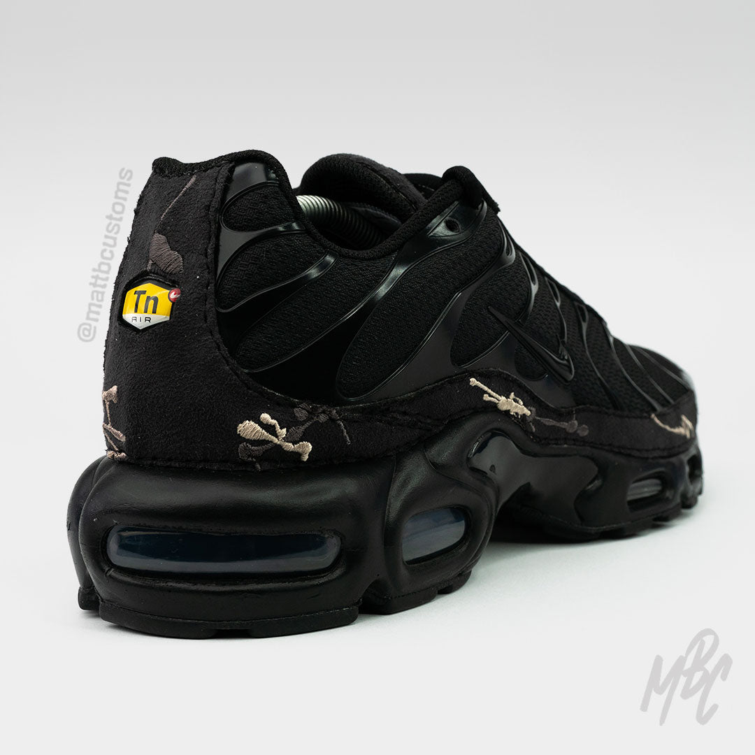 Black or white TN custom with suede material cut, glued and sewn to the shoe. Suede material is embroidered with neutral tone paint splats.
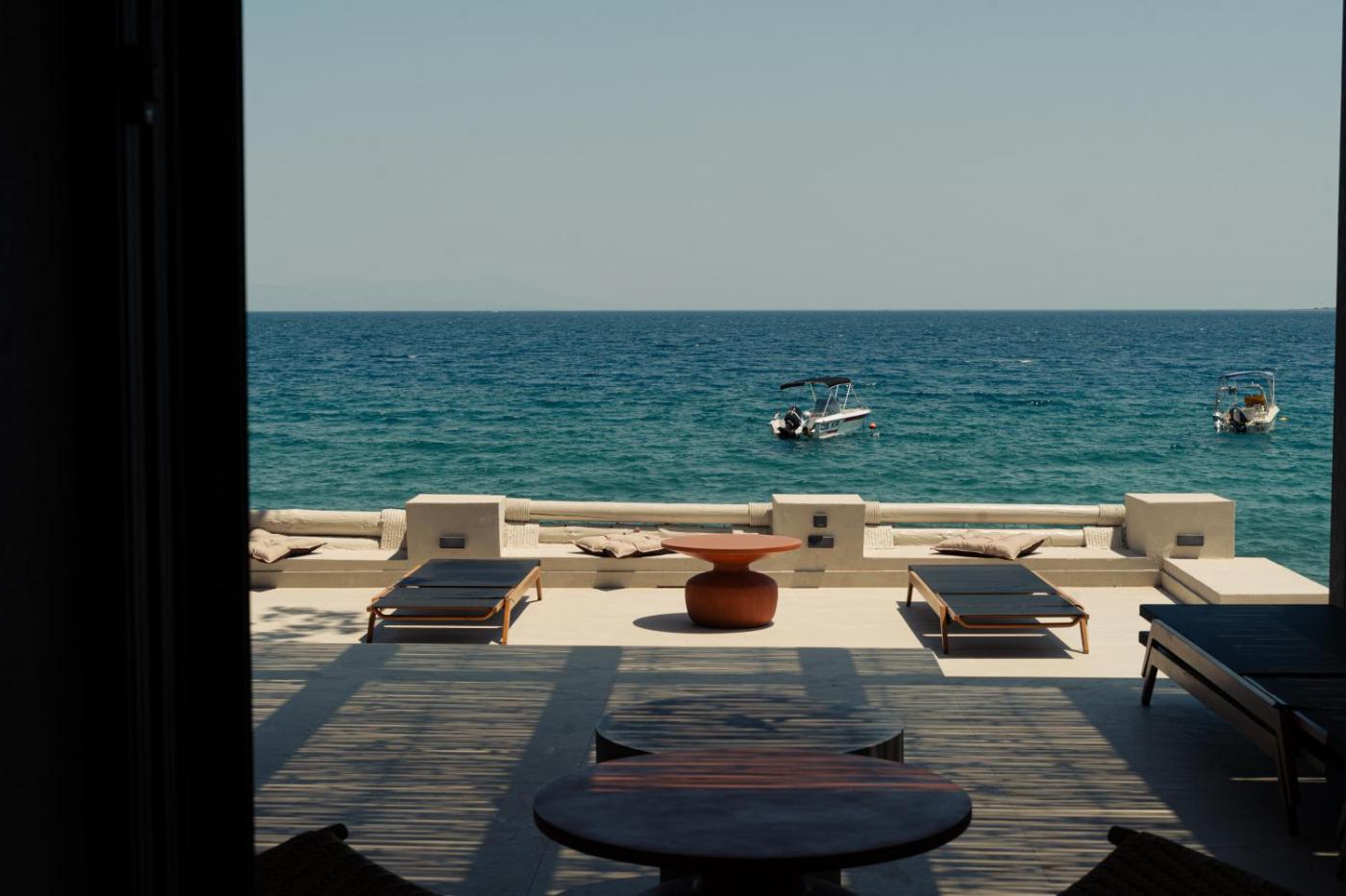 Deluxe Suite with Sea View. Boasting a private entrance, this air-conditioned suite includes 1 bedroom and 1 bathroom with a shower and a hairdryer. The unit has soundproof walls, sea views, a terrace and winechampagne is offered for guests. The unit has 1 bed. ;
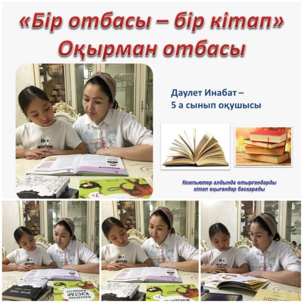 N59 жалпы білім беретін мектептің 5 а сынып оқушысы Даулет Инабат анасымен бірге кітап оқуды өздерінің сүйікті істеріне айналдырған. "Бір отбасы - бір кітап" оқырман отбасы акциясы а…
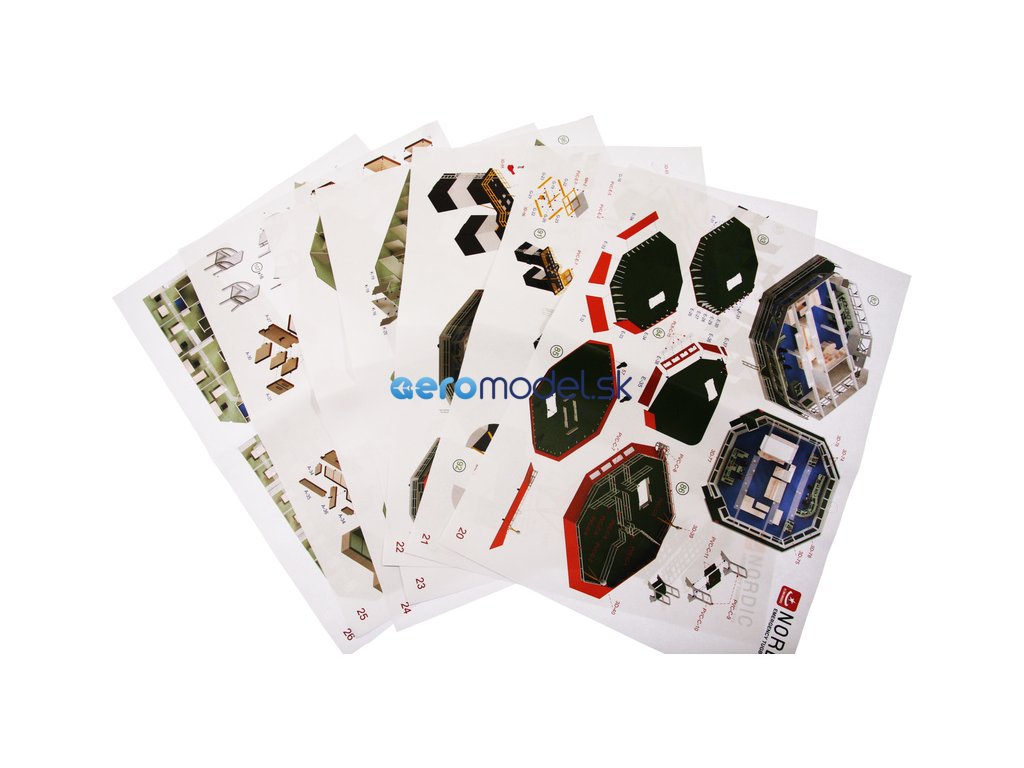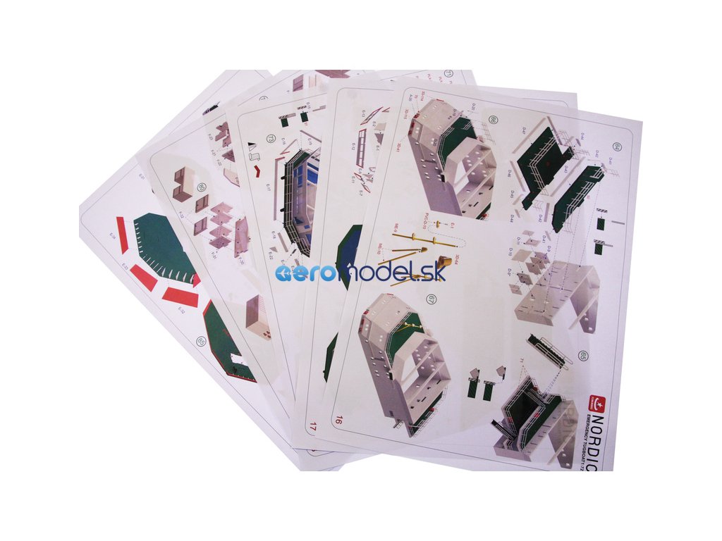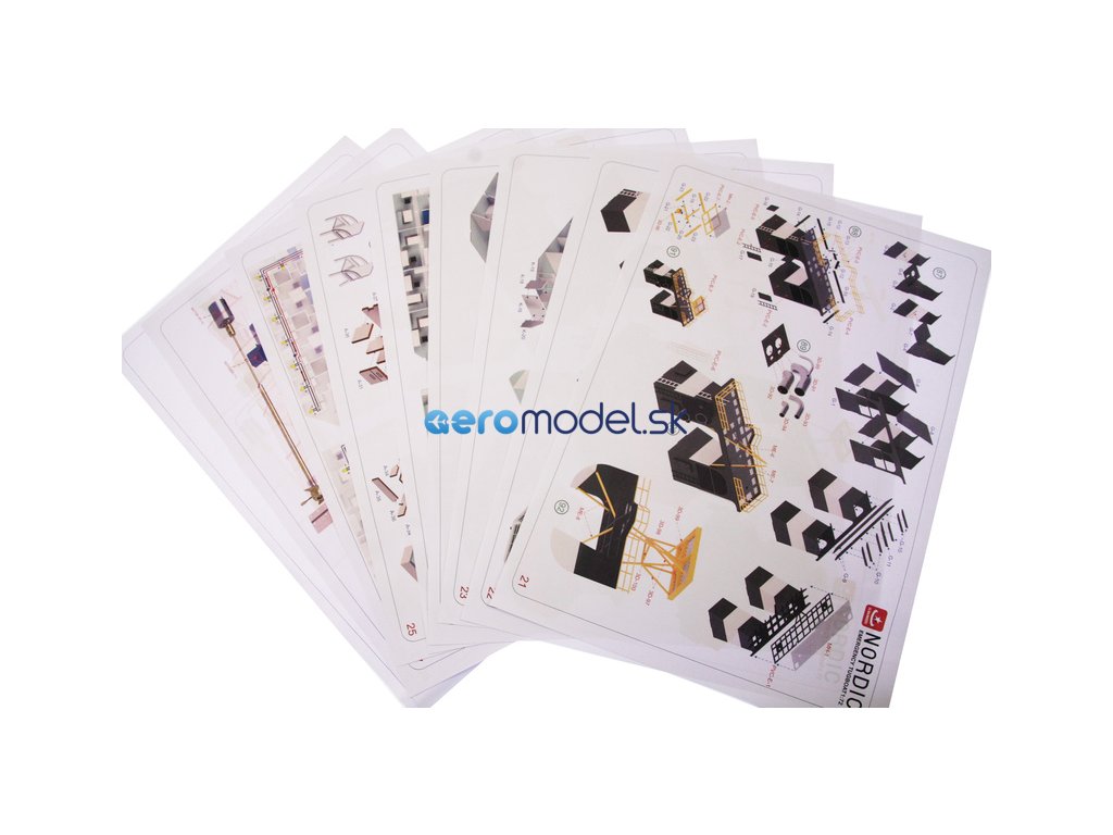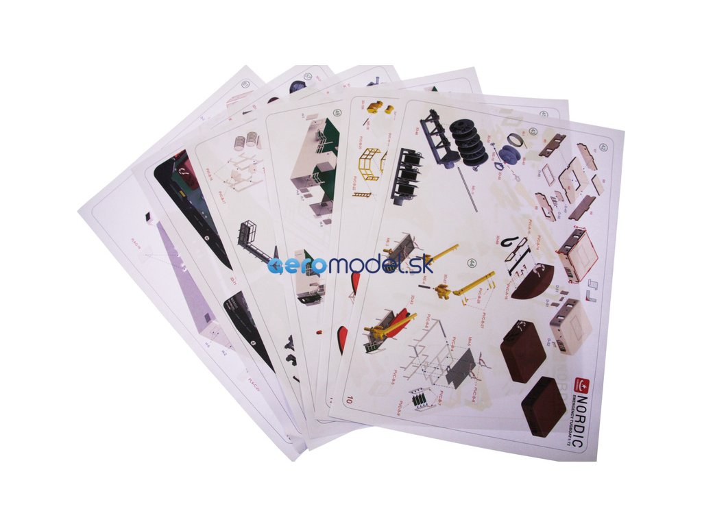 Set obsahuje kompletní sadu výkresové dokumentace modelu s obrázky jednotlivých detailů. Na výkrese jsou nakresleny montážní sestavy, jejich kompletace a to včetně drobných maketových detailů. Vícejazyčný postup stavby rámcově upravuje logické sestavení jednotlivých komponentů.

◆ **Problem**:
From the line containing "N59 жалпы білім" through the final line of the listing above, reproduce every line exactly, with no pictures.

◆ **Solution to this exercise**:
 N59 жалпы білім беретін мектептің 5 а сынып оқушысы Даулет Инабат анасымен бірге кітап оқуды өздерінің сүйікті істеріне айналдырған. "Бір отбасы - бір кітап" оқырман отбасы акциясы а…
 Set obsahuje kompletní sadu výkresové dokumentace modelu s obrázky jednotlivých detailů. Na výkrese jsou nakresleny montážní sestavy, jejich kompletace a to včetně drobných maketových detailů. Vícejazyčný postup stavby rámcově upravuje logické sestavení jednotlivých komponentů.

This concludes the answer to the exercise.